I took another ferry to Petersburg where there were many old battered wooden wharves built on long timber stilts jutting out into the fjord. Nearby, along a shallow tidal creek, an additional weather worn boardwalk had some fishermen's huts built on them. At low tide and with misty rain enshrouding this scene in foggy murkiness, the true character of the traditional fishing village pervaded a winsomely engaging sense of charm to this lovely old town. I wandered casually along the boardwalks and jetties, where fishing boats were tied up and were rolling gently against the wharves. The smell of the sea and the sound of flying gulls overhead, enabled me to dwell pensively on this wonderful Alaskan scene. On the passage to Wrangell, some passengers spotted whales swimming close to the ship, their giant flukes moving gracefully as the whale surfaced, exhaled, took another breath of air, and dived again. Schools of porpoises were swimming about as well. The ship stopped a couple of hours in Wrangell before sailing again, this time to Ketchikan, some kilometres further to the south. After disembarking I drove the van to a fjord just outside Ketchikan, where I found a perfect camping spot amongst the trees. There were no people to disturb me as I went into the forest nearby to gather huckleberries and blueberries which I boiled over a campfire and made into a tasty jam.

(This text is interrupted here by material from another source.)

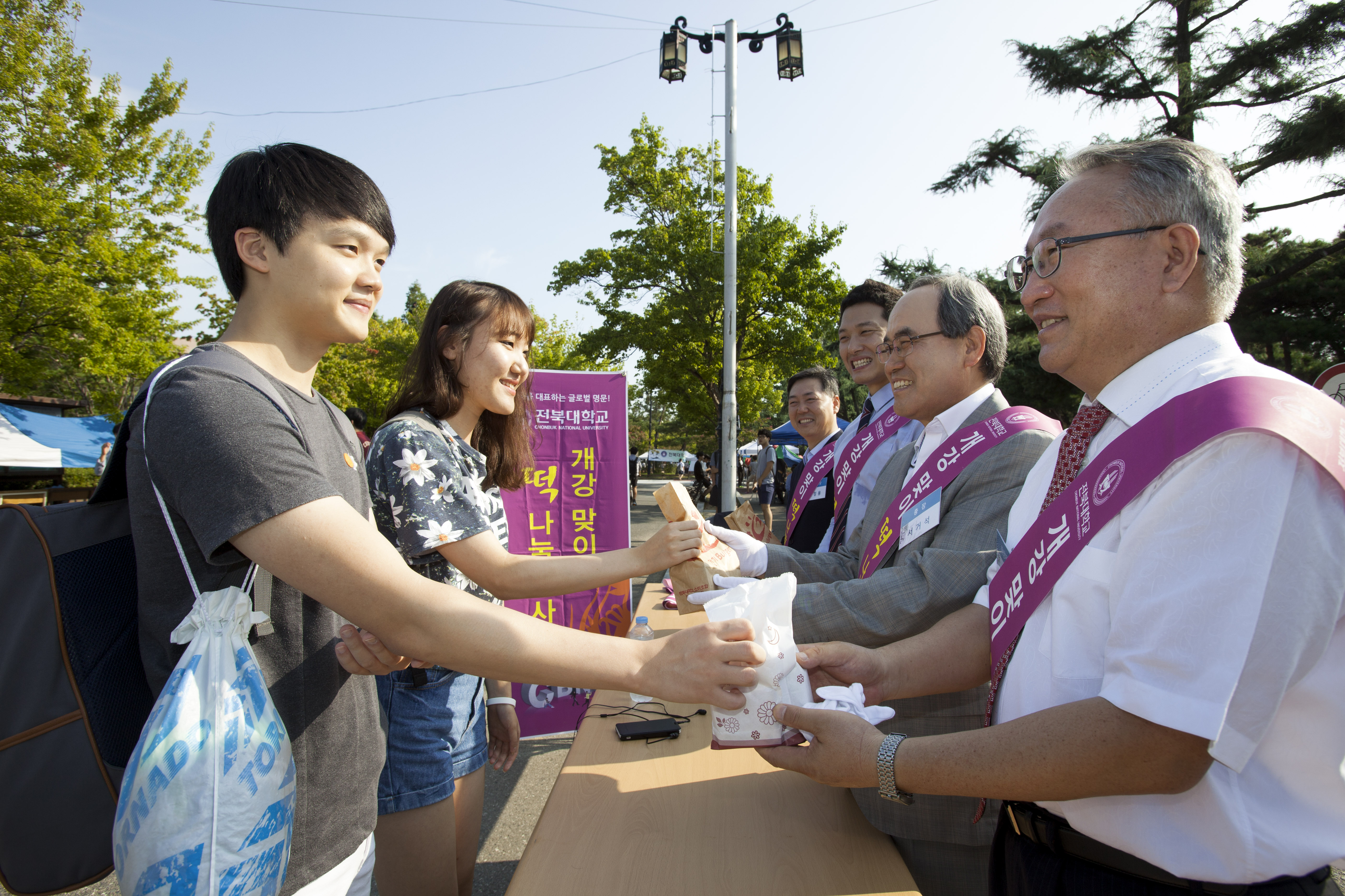 매년 새 학기 등교하는 학생들에게 간식을 나누며 인사를 건네는 깜짝 이벤트가 열렸기 때문이다. 서 총장을 비롯한 보직교수들은 전북대 정문 등 7개 출입문에 모여 등교하는 학생 한 명 한 명에게 떡과 음료를 나눠주며 새 학기 인사와 덕담을 건넸다.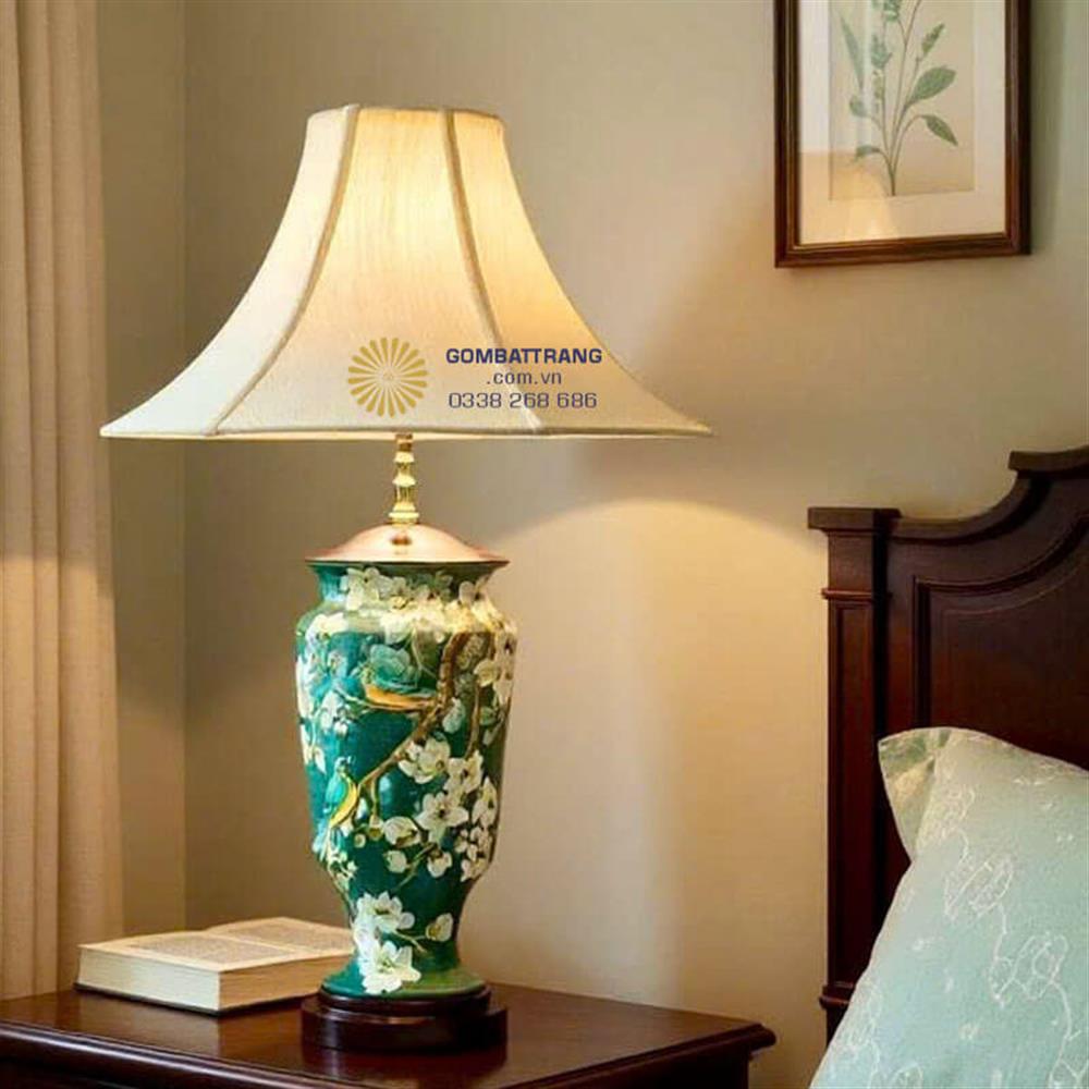 Đèn ngủ gốm – Men xanh lục bảo vẽ hoa Mộc Lan sang trọng

Back in Ketchikan I embarked on the ferry to Prince Rupert. Along this passage, the Pacific Ocean swell comes through the Dixon Entrance and into the Inside Passage. These waves caused the ship to roll considerably but not enough to cause too much discomfort to the passengers aboard. We languished in comfortable seats as we crossed this more open expanse of water. Upon our arrival in Prince Rupert it was necessary to pass through customs because we were entering Britsh Columbia, Canada again.